2.1. Hadoop Distributed File System
It is the most important component of Hadoop Ecosystem. HDFS is the primary storage system of Hadoop. Hadoop distributed file system (HDFS) is a java based file system that provides scalable, fault tolerance, reliable and cost efficient data storage for Big data. HDFS is a distributed filesystem that runs on commodity hardware. HDFS is already configured with default configuration for many installations. Most of the time for large clusters configuration is needed. Hadoop interact directly with HDFS by shell-like commands.
There are two major components of Hadoop HDFS- NameNode and DataNode. Let’s now discuss these Hadoop HDFS Components-
It is also known as Master node. NameNode does not store actual data or dataset. NameNode stores Metadata i.e. number of blocks, their location, on which Rack, which Datanode the data is stored and other details. It consists of files and directories.
Tasks of HDFS NameNode
- Manage file system namespace.
- Regulates client’s access to files.
- Executes file system execution such as naming, closing, opening files and directories.

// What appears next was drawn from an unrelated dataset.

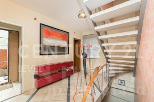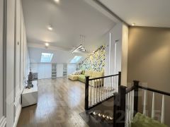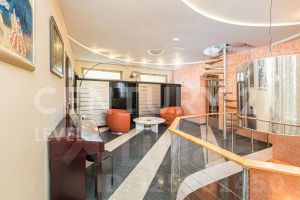 Лот 102519. Эксклюзив Vesco Realty. Коттеджный поселок ''Усадьба Бергов''Современный двухэтажный дом 735 кв.м под чистовую отделку на участке 34 сот в клубном элитном поселке ''Усадьба Бергов'' в 23 км от МКАД на Киевском шоссе. Скоростной доступ по платной М-1 трассе Северный обход Одинцова и проспекту Багратиона от Москва-Сити.Главная точка притяжения поселка - благоустроенная набережная реки Десна протяженностью почти 600 метров.В доме 5 спален (одна из них - на первом этаже), 6 с/у, изолированная кухня, столовая-гостиная с камином, спа-комплекс с бассейном, кабинет, спортзал, гараж на 2 м/м и 2 шикарные террасы. Высокие потолки: первый этаж 4,5 м в черноте, второй 3,5. Панорамные окна, плоская крыша. Дом расположен в центре поселка, на возвышенности. Из окон и с террас открываются живописные виды на водонапорную башню и исторический парк. Территория Новой Москвы, столичная прописка.МАТЕРИАЛЫ СТРОИТЕЛЬСТВАДом кирпичный, фундамент - ж/б плита, облицовка - керамический кирпич. В доме выполнены все черновые отделочные работы: установлены межкомнатные перегородки, все инженерные системы разведены по дому (электричество, отопление, водоснабжение), сделана подводка под сантехнику. В нескольких помещениях выполнена чистовая отделка.КОММУНИКАЦИИВодоснабжение и канализация - центральные, городские.Газ - магистральный (оборудована котельная, котел Buderus 175 кВт).Электричество: есть, подключено.Ливневая канализация: проложена по улицам поселка.ПЛАНИРОВКА1-й этаж: прихожая, гардеробная, кабинет, гостевая спальня с ванной комнатой и санузлом, гостевой с/у, кухня с кладовой, столовая с выходом на террасу, гостиная с камином, постирочная, СПА-зона (бассейн с выходом на террасу, сауна, с/у,), гараж (2 м/м).2-й этаж: мастер-блок (43 кв.м) со спальней, гардеробной и ванной комнатой, 3 детские (16, 19 и 29 кв.м) и 2 с/у (4 и 8 кв.м). Выходы на террасы с видом на водонапорную башню из холла и из мастер-спальни.УЧАСТОКНа участке 34 сотки выполнен ландшафтный дизайн - высажен газон, сосны, ели, декоративные растения, ''живая изгородь'' из туй, проложены тропинки. Площадка перед гаражом выполнена из брусчатки. Есть водостоки и дренажная система.ПОСЕЛОККП ''Усадьба Бергов'' построен в едином архитектурном стиле по мотивам Ф.Л. Райта. При проектировании и строительстве предусмотрен высокий уровень комфорта и качества жизни: большие участки по 20-50 соток, продуманная посадка домов, широкие освещенные улицы с мягкими обзорными примыканиями и тихими тупиками.Поселок камерный: на площади 17 га расположено 34 домовладения. Большая часть домов построена, 16 семей проживают постоянно, еще 5 домов - в стадии активной отделки. На территории поселка расположено 4 объекта культурного наследия (водонапорная башня, две Усадьбы и парк с вековыми деревьями), 6,5 га общественных территорий, многофункциональная спортивная площадка, детский игровой комплекс, домик для йоги, причал, беседка для отдыха и многочисленные зоны отдыха с лавочками, лежаками и даже гамаком. Пешеходный закольцованный маршрут по территории поселка, большая часть которого пролегает по парковым зонам, составляет 1600 метров. На благо и в интересах жителей работает профессиональная служба эксплуатации. Для охраны организованы: контрольно-пропускной пункт, система видеонаблюдения, постоянное патрулирование территории. Усадьба Бергов входит в состав п

It is also known as Slave. HDFS Datanode is responsible for storing actual data in HDFS. Datanode performs read and write operation as per the request of the clients. Replica block of Datanode consists of 2 files on the file system. The first file is for data and second file is for recording the block’s metadata. HDFS Metadata includes checksums for data. At startup, each Datanode connects to its corresponding Namenode and does handshaking. Verification of namespace ID and software version of DataNode take place by handshaking. At the time of mismatch found, DataNode goes down automatically.
Tasks of HDFS DataNode
- DataNode performs operations like block replica creation, deletion, and replication according to the instruction of NameNode.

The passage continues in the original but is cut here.